2. Interpretations of Chapter 436;

3. Interpretations of the governing trust agreements;

4. Requirements of Chapter 436;

5. Duties imposed by Chapter 436;

6. Actions of a Missouri State Court;

7. Trustees’ liability for the actions of the grantor;

8. Whether trustees lack authority and capability to oversee external business activities of trust grantors or beneficiaries;

9. Trustees’ responsibilities or liability for investment decisions;

10. Duties and Responsibilities of the Independent Investment Advisor;

11. Interpretation of the meaning of “independent” in Chapter 436;

12. Whether applicable statutes require independence from seller or trustee, or both;

13. Prevailing trust customs and practices supersede Missouri law;

14. The appointment of Wulf Bates relieved the trustees completely of all liability for investment decisions;

15. The trustees could not monitor investment decisions of the investment advisor.
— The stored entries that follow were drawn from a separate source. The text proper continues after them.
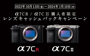 キャンペーン期間(購入期間)内に「α7CR」もしくは「α7C II」と対象レンズを同時購入し、同社指定の手続きに従い応募期間内に応募すると、最大20,000円がキャッシュバックされるというもの。キャッシュバック金額は購入レンズによってそれぞれ異なる。本体およびレンズ購入期間は2024年1月10日(水)まで、応募期間は2024年1月23日(火)まで。
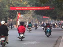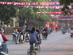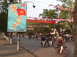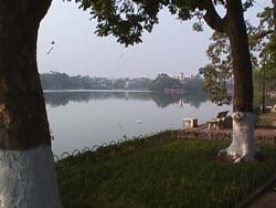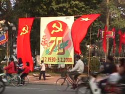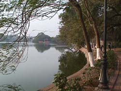 丁度この年は、ベトナム共産党創立70周年にあたり、街の中には垂れ幕があちこちに掲げられた。 ホアンキエム湖周辺(Feb03,2000) |
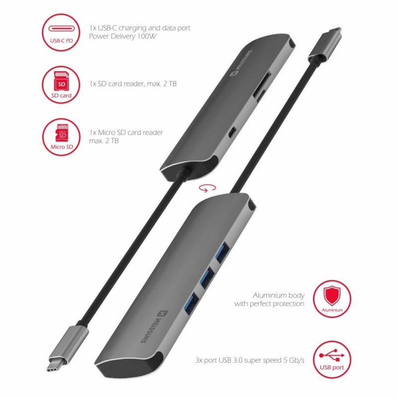 Swissten USB-C Hub 6in1 with 3X USB 3.0 / 1X USB-C Power Delivery / 1X microSD / 1X SD / Aluminum bo
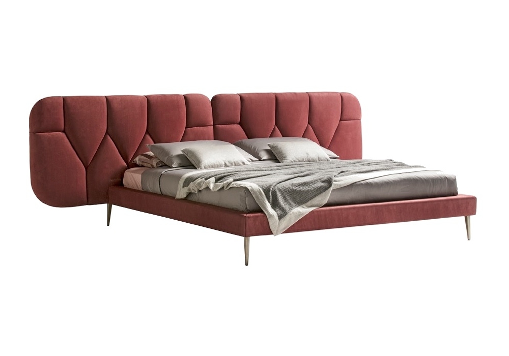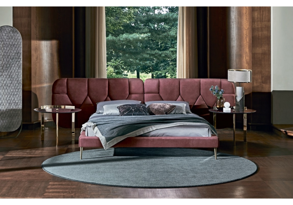 Dorothy diseñada por Castello Lagravinese Studio para Opera Contemporary es una cama con pies de metal y revestimiento disponible en tejido o piel.

Testimony regarding the following will be allowed:

1. Purpose of Chapter 436;

2. Reference the trust agreements and applicable statutes;

3. Purpose of a standard of care;

4. What trustees generally understand their responsibilities to be and their fiduciary duties but not what a specific trustee understood as their duties and responsibilities;

5. What the expert believes the purpose of the trust agreement and the statute were designed to achieve;

6. What the expert currently advises clients to do or not to do;

7. The responsibilities of trustees, in the practice of the expert;

8. Opinions as to independence of David Wulf;

9. Observations of what trustees did or did not do;

10. Whether trustees complied or did not comply with the standard of care;

11. Reference sections in the law and state if evidence was or was not presented to show the acts were done but cannot say the law requires certain actions;

12. How trustees did or did not control trust assets, keep records, or monitor trust distributions but not what the statute requires.

Francis Hanna, a name familiar to Missouri attorneys that practice in trust law, will be one of the experts to testify at the NPS civil trial.  Mr. Hanna’s expert report assumed an approach that seems consistent with the court’s testimony guidelines, and in future posts we will examine the trustee duties as outlined by the report.